De fato, para o Regime Escocês Retificado, a etapa na qual os trabalhos estiveram paralisados já havia se iniciado anteriormente, tal como relata Willermoz em sua carta a Charles de Hesse de 10 de Setembro de 1810. E isso em razão dos principais da Ordem, os Grandes Professos (que na continuação veremos quem eram) que, sendo por definição homens da elite, tanto da burguesia quanto da aristocracia, haviam tomado parte ativa nos acontecimentos políticos desde o primeiro momento; muitos eram delegados -tanto do clero, como da nobreza ou do Terceiro Estado - primeiramente nos Estados Gerais, logo na Assembléia Nacional Constituinte na qual estes Estados se transformaram, e alguns foram inclusive eleitos para a Assembléia Legislativa que se seguiu. Evidentemente o trabalho maçônico se ressentiu, bem como a boa harmonia existente: dividiram-se entre partidários e adversários da Revolução (sendo estes últimos os mais numerosos), o que então resultou em vívidas discussões, nem sempre muito fraternais. Como uma mostra disso, podemos ver o seguinte caso, testemunho das disputas provenientes desde a época dos Estados Gerais, entre dois Grandes Professos, o Cavaleiro de Rachais e o livreiro Périsse-Duluc, o qual compartilhava a opinião de Willermoz em favor da "igualdade nacional e cívica". Como o primeiro reprovava veementemente a atitude do segundo, em nome da preeminência "não somente política, mas também natural" da nobreza, este último lhe replicou que "visto os princípios que ambos professavam" se estimava tão nobre como Rachais e que este último era tão plebeu como ele mesmo. Ao qual o Cavalheiro respondeu em alta voz: "Senhor, Senhor, como irmão da Ordem dos Grandes Professos, eu os quero bem!... (cf. Le Forestier, op. cit., pág. 837). O "nível" maçônico, símbolo da igualdade, por não falar do amor fraternal, estava bem distante de tudo isto.

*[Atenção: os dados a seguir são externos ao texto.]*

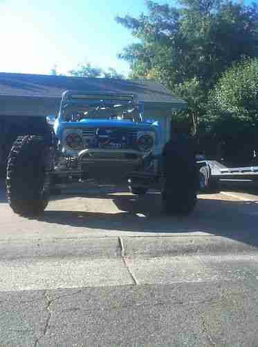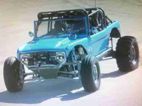 Custom 1968 Bronco 440 stroker with super charger LS7 Casner Racing powerglide Atlas transfer case,Chassi is built out of chromo tubing and plate. 30 series IFS,Proam cv's,RCV performance 300 M axles,heat treated Aarms, Currie F9 center sections front and rear with lockers. The rear 300M axles Tru Mega HI9 3rd member,CNC 6 piston calipers, Fox 3.0 bypass and 2.5 coilover on each corner with Fox bumps. Howe.R&P steering , Fluidyne oil and tranny coolers with electric fans. Race radio and intercom and GPS, stereo,amp ,tower speakers. This is a 3 seater car with Beard seats and Crow harness. Warn winch with air compressor and synthetic rope. It also comes with five 42 in. Iroks mounted on Raceline beadlocks and four sandtires mounted on Raceline beadlocks. The car has only 30 hrs. on everything and is Very fast and fun to drive. This is a multi purpose car you can play in the Sand,Race in the Dezert,rRock crawling,ETC....... It is also licensed and registered. There is tons of hours in attention to detail and is a one off car.Way to much to list. Please only bid if you are serious and want a one of a kine Bronco. Thanks for looking. Please call if you are interested or need more info 916-765-3669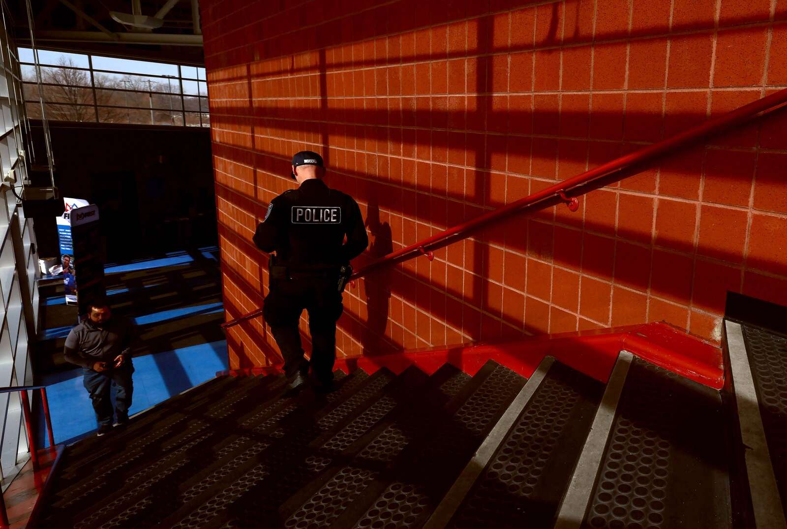 An Elgin Community College Police Officers makes his rounds during the Illinois FIRST LEGO League Challenge State Robotics Championship at Elgin Community College Saturday, Feb. 14, 2026 in Elgin.
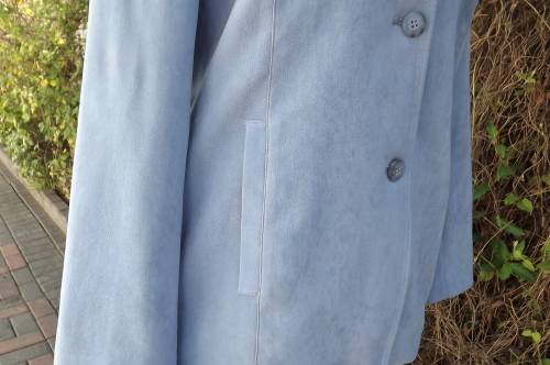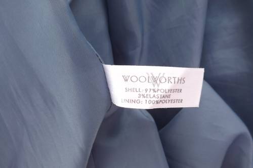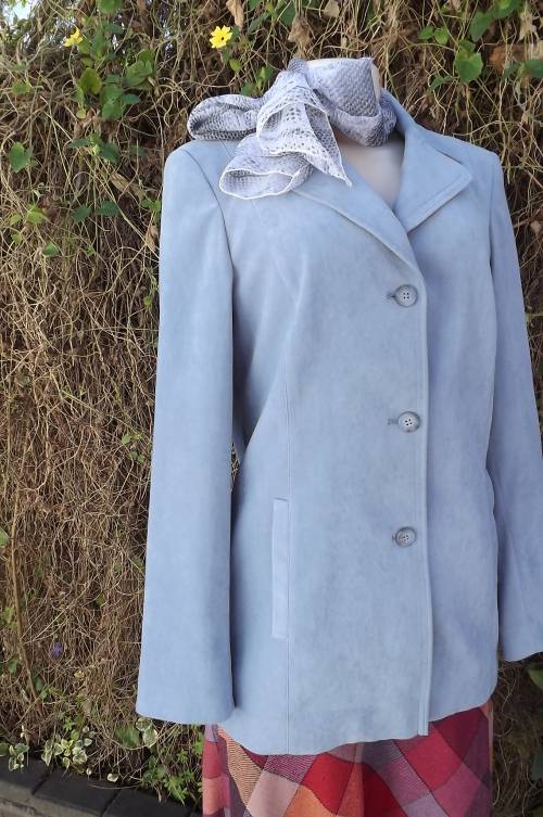 Styled light steelblue lined jacket.Size 34/10 by Woolworths. In soft polyester fabric.Two in seam vertical pockets on front.Button down front.Suitable for casual or office wear.As new

Jean Baptiste Willermoz havia feito sua escolha. Com seu irmão e médico Pierre-Jacques, e seu íntimo colaborador Périsse-Duluc do qual acabamos de falar, se alinharam entre os "patriotas", quer dizer, entre os partidários da Revolução, porém entre os moderados; era um "monarquista constitucional". Pertencia à "Sociedade dos Amigos da Revolução". Seus membros, vulgarmente chamados os "Feuillants" poderíamos denominar como "centristas". Como tais, seriam combatidos igualmente pelos monarquistas intransigentes, pelos contra-revolucionários, e pelos revolucionários extremistas, os Jacobinos Eis o que foi escrito pelo irmão de Willermoz nos momentos em que Jean Baptiste estava tendo sérias dificuldades em conseqüência da tomada de Lyon pelas forças da Convenção: "Tu és um moderado, um Feuillant que sempre se mostrou como tal. Crêem que és um homem honesto, já que somente lhes falas quando estão em grupo, sem cumprimentá-los pelas ruas, eriçando as costas e vinculado aos realistas". (em Alice Joly, op. cit., pág. 296). Com efeito, no final de Maio de 1793, ao anunciar a proibição dos Girondinos , as seções de Lyon se sublevaram, expulsando do poder a municipalidade montanhesa e se rebelando contra a Convenção.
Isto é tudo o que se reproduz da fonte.